Dünyaya kalbi ile akciğeri arasında bulunan
damarı açık gelen ve rahatsızlığı geç fark edilen
Muzaffer Afacan'ı (4) Dr.
Behçet Uz
Çocuk Hastalıkları Cerrahisi Eğitim ve
Araştırma Hastanesi Kardiyoloji Servisi ile
İzmir Atatürk Eğitim ve Araştırma Hastanesi Kalp ve Damar Cerrahisi Kliniği doktorları birlikte
ameliyat etti.
AA muhabirine bilgi veren İzmir Atatürk Eğitim ve Araştırma Hastanesi Kalp ve Damar Cerrahisi Kliniği Şefi Doç. Dr.
Ali Gürbüz, bu tür damar açıklarının, doğumdan kısa bir süre sonra kapatılmasının hayati önem taşıdığını belirterek ''Hasta geç kalmıştı ancak ameliyat oldukça iyi geçti. Ameliyattan 2 gün sonra
küçük hastamız
taburcu edildi'' dedi.
Gürbüz, ailelerin bu tür teşhis konulmuş çocuklarını
vakit kaybetmeden bir
kalp damar cerrahına götürmelerini
tavsiye ederek ''Bu tür hastalıklarda geç kalındığında hastalar hayatını kaybedebiliyor'' dedi.
Dr.

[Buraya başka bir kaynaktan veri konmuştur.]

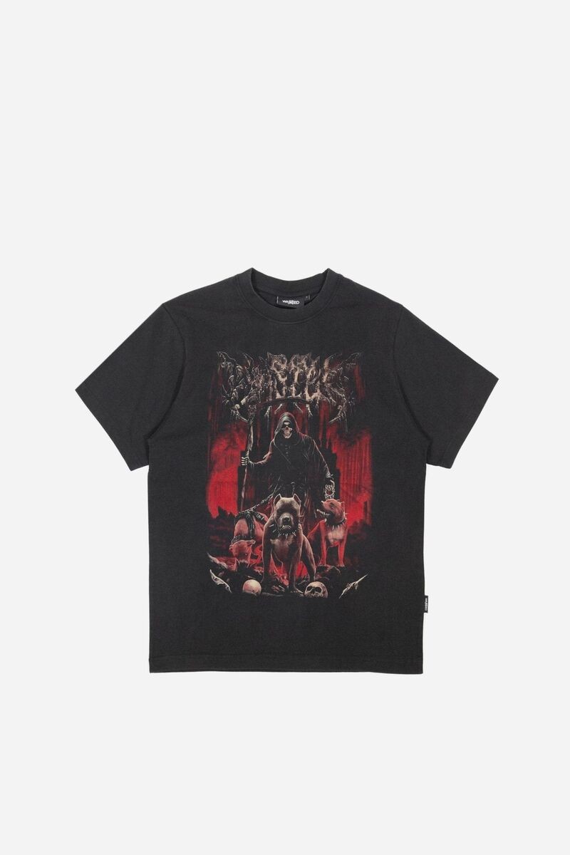 The Hell Gate t-shirt is made of cotton jersey and has a screen-printed graphic on the front and back.Composition: 100% cotton / weight 180gsmSizes chartSMLXLWidth54cm56cm58cm60cmLength73cm74cm75cm76c... full description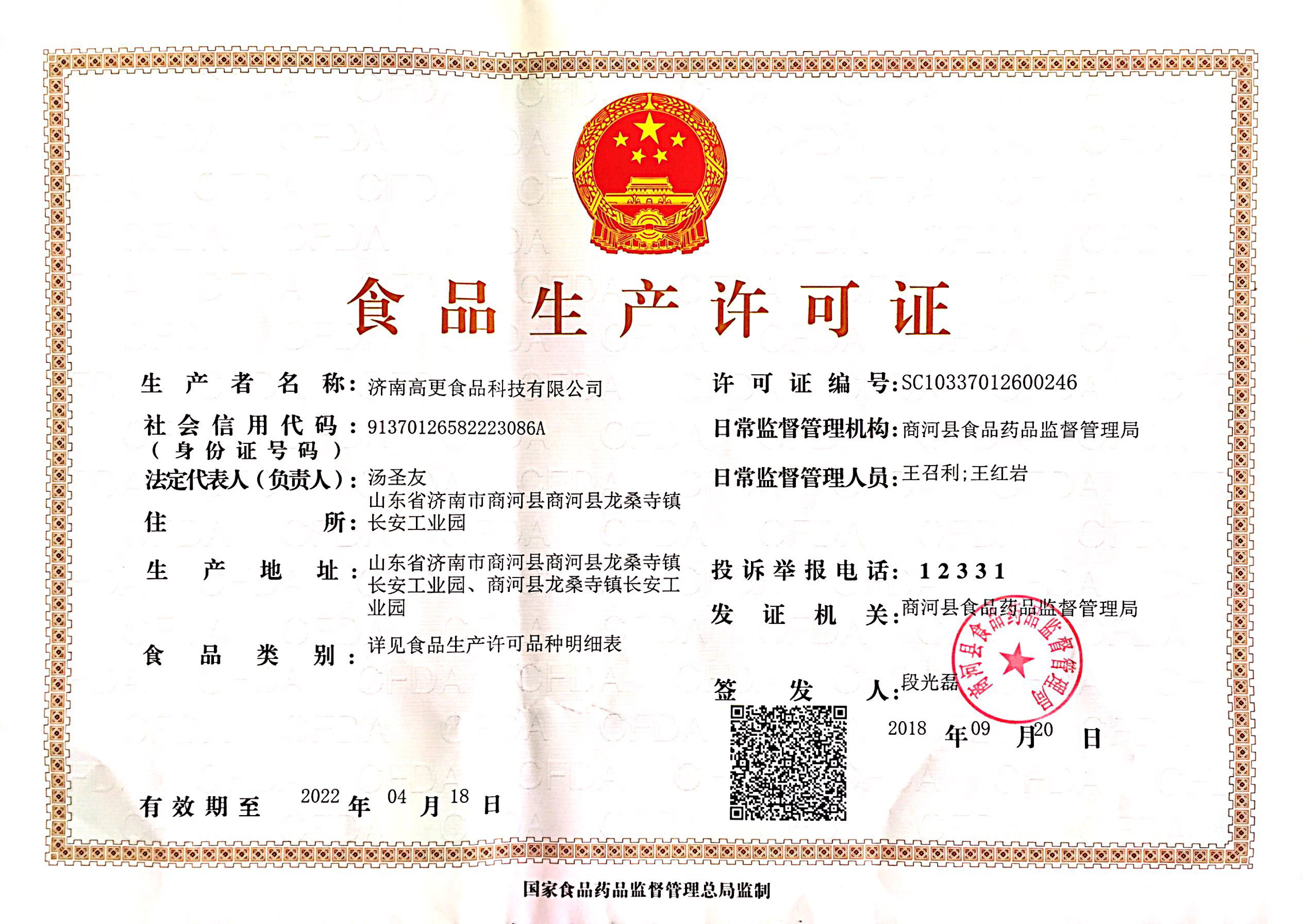 祝賀濟南高更獲得半固態(tài)食品生產(chǎn)許可證資質(zhì)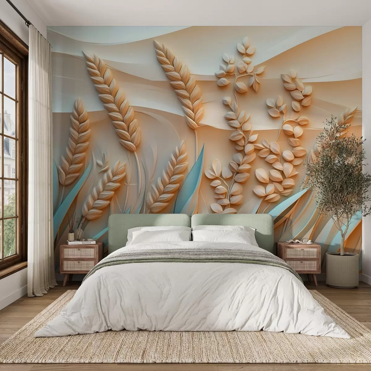 Fototapety Pšeničný porost v reliéfním stylu v jemných barvách Č. w02147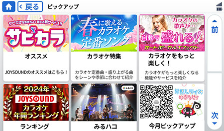 JOYSOUND X1でお楽しみいただける「みるハコ・RecTV for JOYSOUND・X PARKプレイ」の各サービスヘ簡単にアクセス。「ピックアップ」は、キャンペーンやおすすめコンテンツ等が表示され、カラオケの楽しみ方が広がります。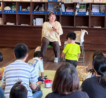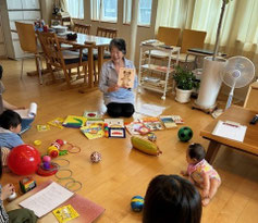 子どもたちの笑い声が、たくさん聞こえる楽しい回でした。親子で、じーっと絵本を見て触れあっている姿がとても幸せそうでした。会の後、親子でも絵本を広げて楽しんでいて、より絵本が好きになったと思います。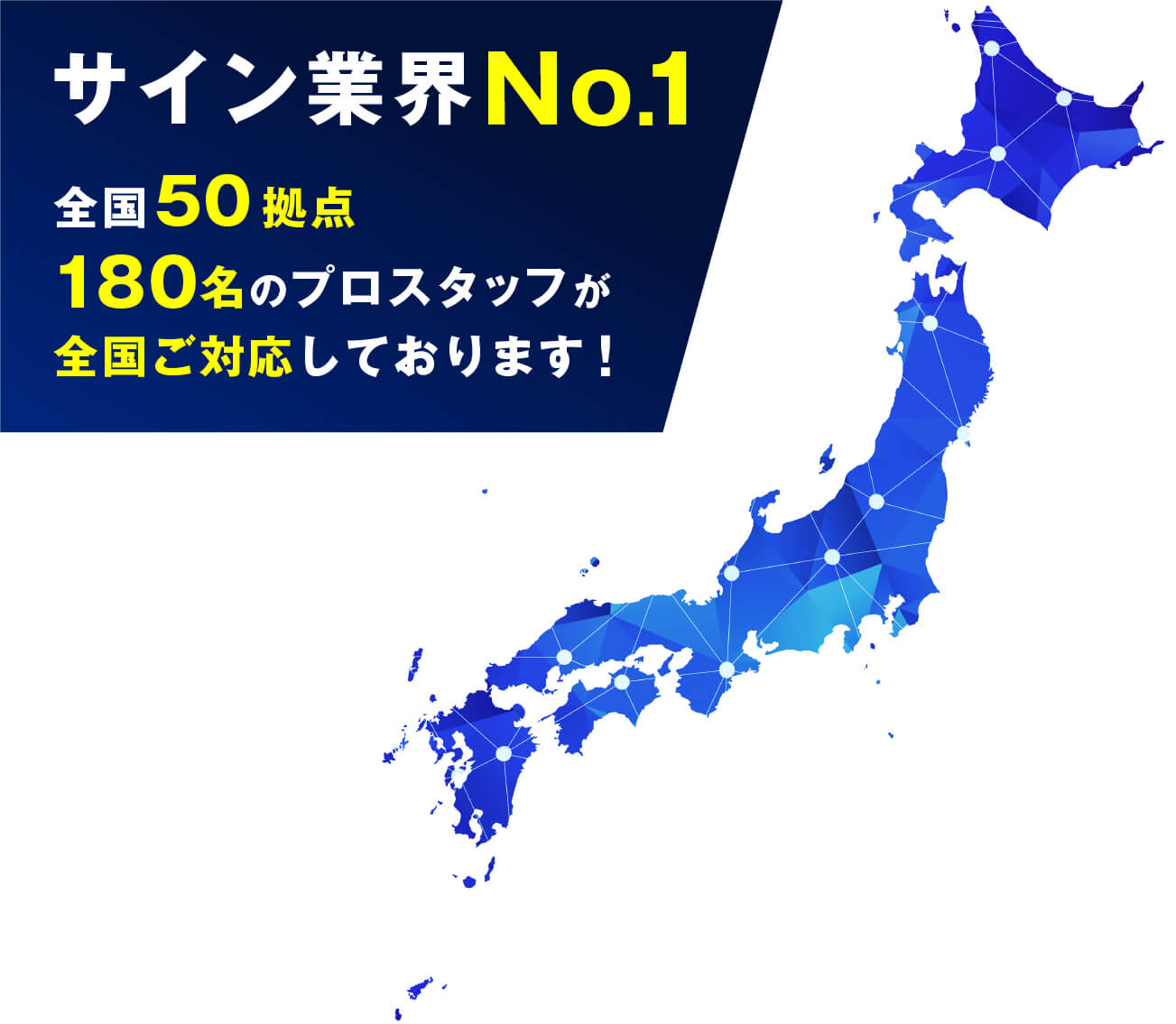 東京や名古屋・福岡など全国に展開しておりますグループ50拠点を最大限に活用し、 看板業界では非常に少ない全国ご対応が可能な看板屋を実現しております!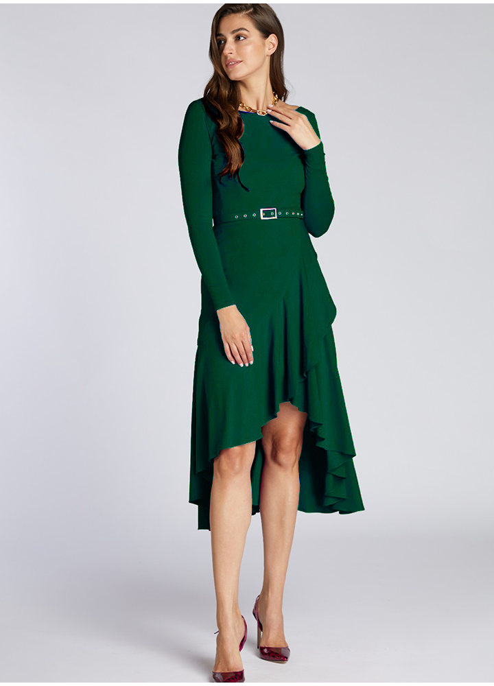 Rochie asimetrica verde cu volane cu spate decoltat si curea asortata Mimosa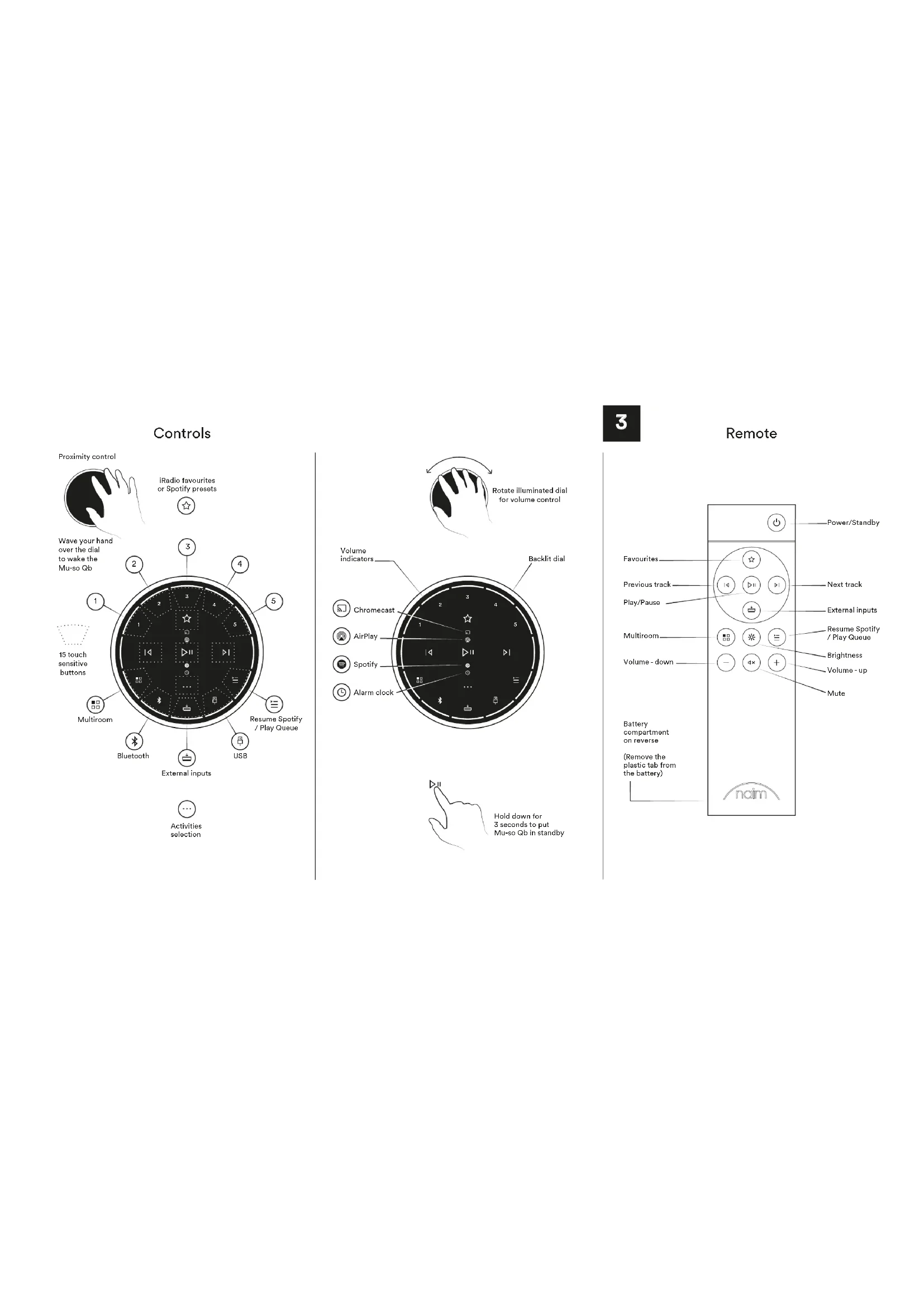 Controls iRadio favourites or Spotify presets Volume indicators Backlit dial Chromecast AirPlay Spotify Alarm clock External inputs Multiroom Bluetooth Rotate illuminated dial for volume control Proximity control 15 touch sensitive buttons Activities selection USB Hold down for 3 seconds to put Mu-so Qb in standby Wave your hand over the dial to wake the Mu-so Qb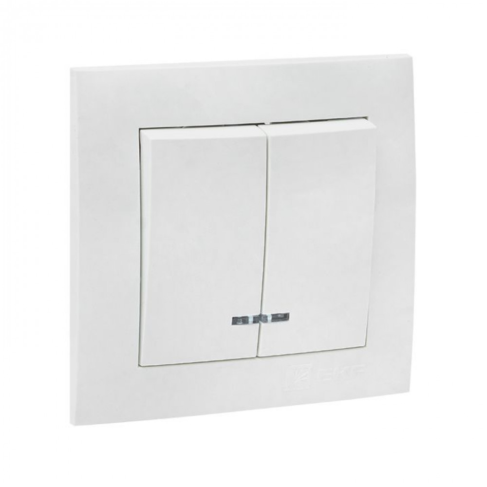 Валенсия выключатель 2-кл. 10А белый с индикатором PROxima EWV10-123-10, Выключатель и переключатель скрытого монтажа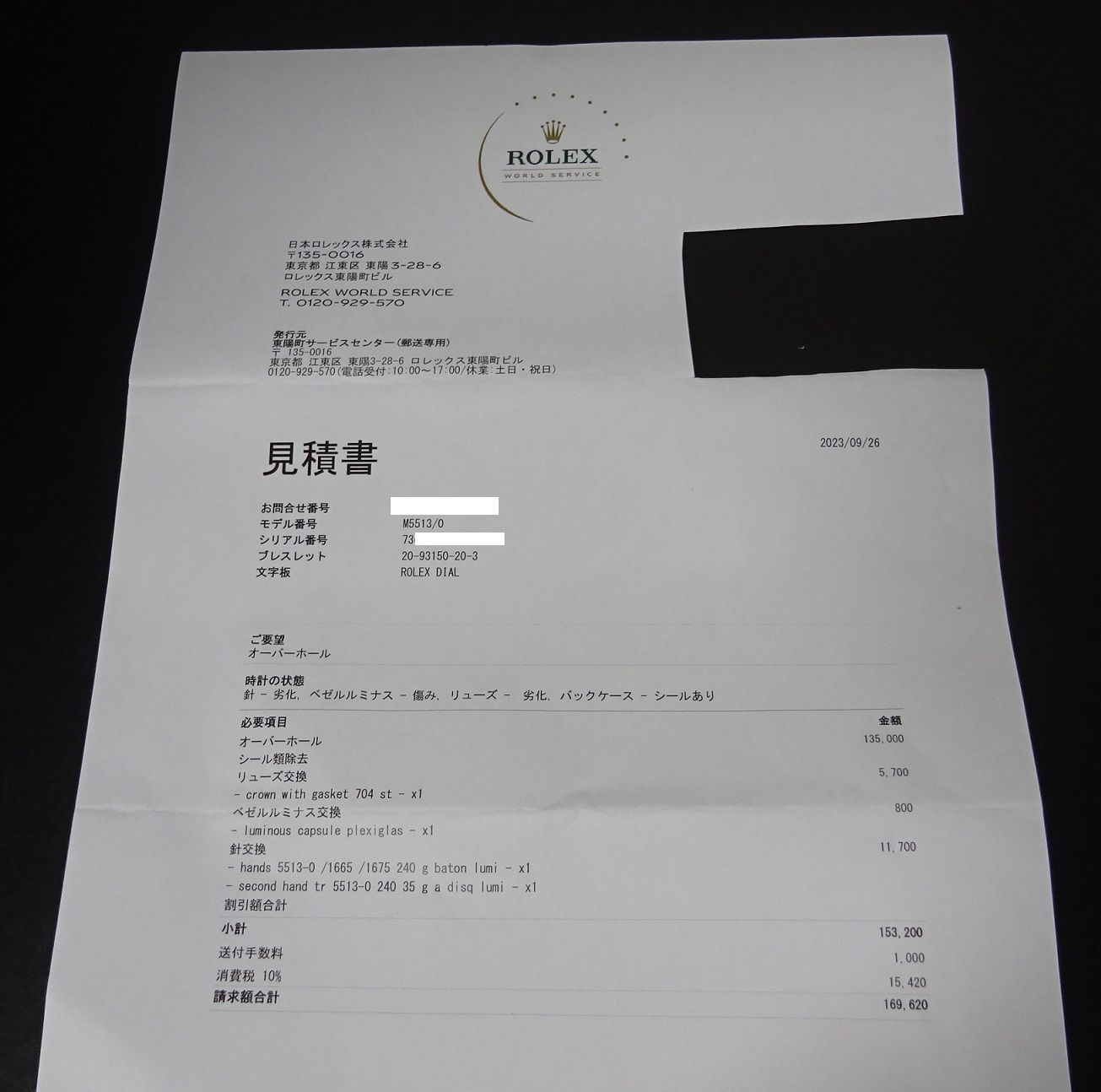 2023年9月 日本ロレックスにてオーバーホール見積取得 *未実施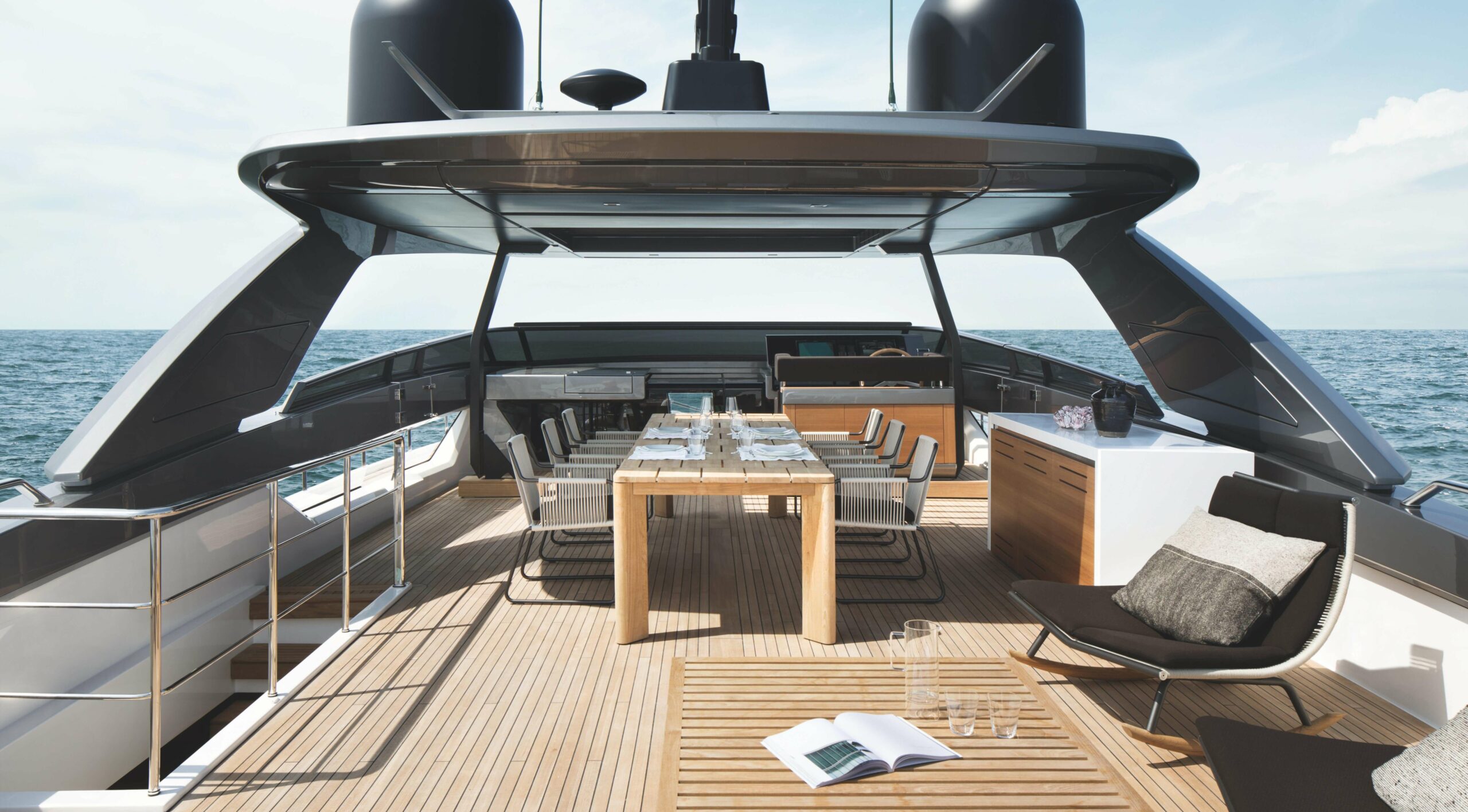Stairs on both sides of the stern connect to the swim platform below, and a port-side stairway also leads up to the flybridge. A side walkway to starboard connects to the foredeck, where a C-shaped sofa and drink table, plus sunbeds along the bow form sun drenched social area.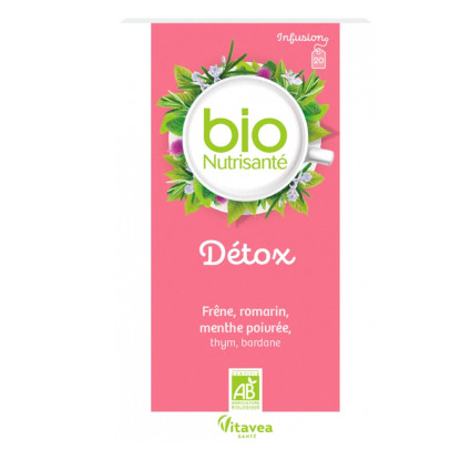 Les infusions bio nutrisanté sont 100% d'origine naturelle et respectent les exigences de l'agriculture biologique. Toutes les plantes qui entrent dans leur composition sont cultivées de manière naturelle avec des méthodes respectueuses de l'environnement et sans utilisation d'organisme génétiquement modifié. Sans arôme artificiel, les infusions conservent toute la pureté des plantes pour un plaisir au naturel. Les sachets-filtres sont fabriqués à base de papier non blanchi au chlore et ne possèdent pas d'agrafe pour éviter tout phénomène d'oxydation.L’ infusion bio Detox Nutrisanté aide à détoxifier l'organisme en facilitant l'élimination de l'excès d'eau par les voies urinaires. Le frêne, reconnu pour favoriser l'élimination rénale de l'eau, facilite ainsi la suppression des toxines du corps. Le Romarin qui aide le foie à accomplir ses fonctions de purification. La Menthe Poivrée qui contribue au bon fonctionnement des intestins. Elle apporte, avec le thym une agréable sensation de fraîcheur à cette infusion. La Bardane favorise un drainage naturel et contribue au maintien d'un teint éclatant.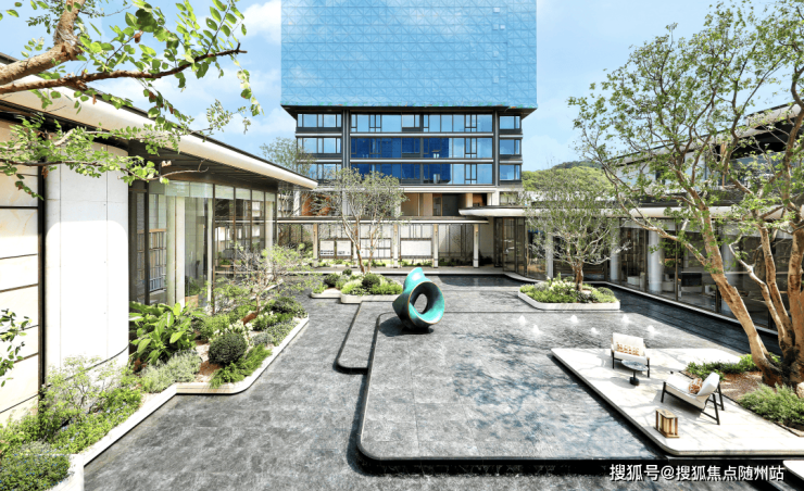 由蓝颂景观打造的“两轴一街九境N组团”园林体系,以钱塘江水景为灵感,通过立体绿化、小瀑布与休憩平台营造现代自然氛围。

Behçet Uz
Çocuk Hastalıkları, Cerrahisi Eğitim ve Araştırma Hastanesi Başhekim ve Kardiyoloji Kliniği Şefi Doç Dr. Vedide Tavlı, bu vakanın hastanelerinde ilk kalp ameliyatı geçiren hasta olduğunu ifade ederek kapalı yöntemle
tedavi edilebilecek kalp rahatsızlıklarını başarıyla tedavi edebildiklerini, ancak Afacan'ın rahatsızlığının açık ameliyatı zorunlu hale getirdiğini kaydetti.
Tavlı, açık kalp ameliyatlarını bundan sonra da hastanelerinde, İzmir Atatürk Eğitim ve Araştırma Hastanesi Kalp ve Damar Cerrahisi Kliniği desteğiyle sürdüreceklerini söyledi.
Hamilelik döneminden başlayarak çocukların kalplerindeki gelişmelerin yakından takip edilmesi gerektiğine dikkati çeken Tavlı, bu tür rahatsızlıklarda vakit kaybının hastanın hayatını kaybetmesine neden olabileceğini vurguladı.
Muzaffer Afacan'ın babası Mustafa Afacan,
Balıkesir Devlet Hastanesi'nde geçtiğimiz kasım ayında oğlunun yarık damak ameliyatı olduğunu ve burada oğullarının kalbinde sorun olduğunu öğrendiklerini belirterek ''Oğlumun hastalığını öğrenemeseydik belki onu kaybedecektik. Ameliyattan sonra durumu gayet iyi'' dedi.
Oğlunun genelde huzursuz olduğunu, damak rahatsızlığına bağlı konuşamama problemi nedeniyle huzursuz olduğunu düşündüklerini ifade eden Afacan, ''Geceleri uyuyamıyordu. Çok
erken yoruluyordu. Konuşamadığı için davranışlarını hırçınlık olarak değerlendiriyorduk. Oysa, çocuğumuzun ciddi bir sorunu varmış'' diye konuştu.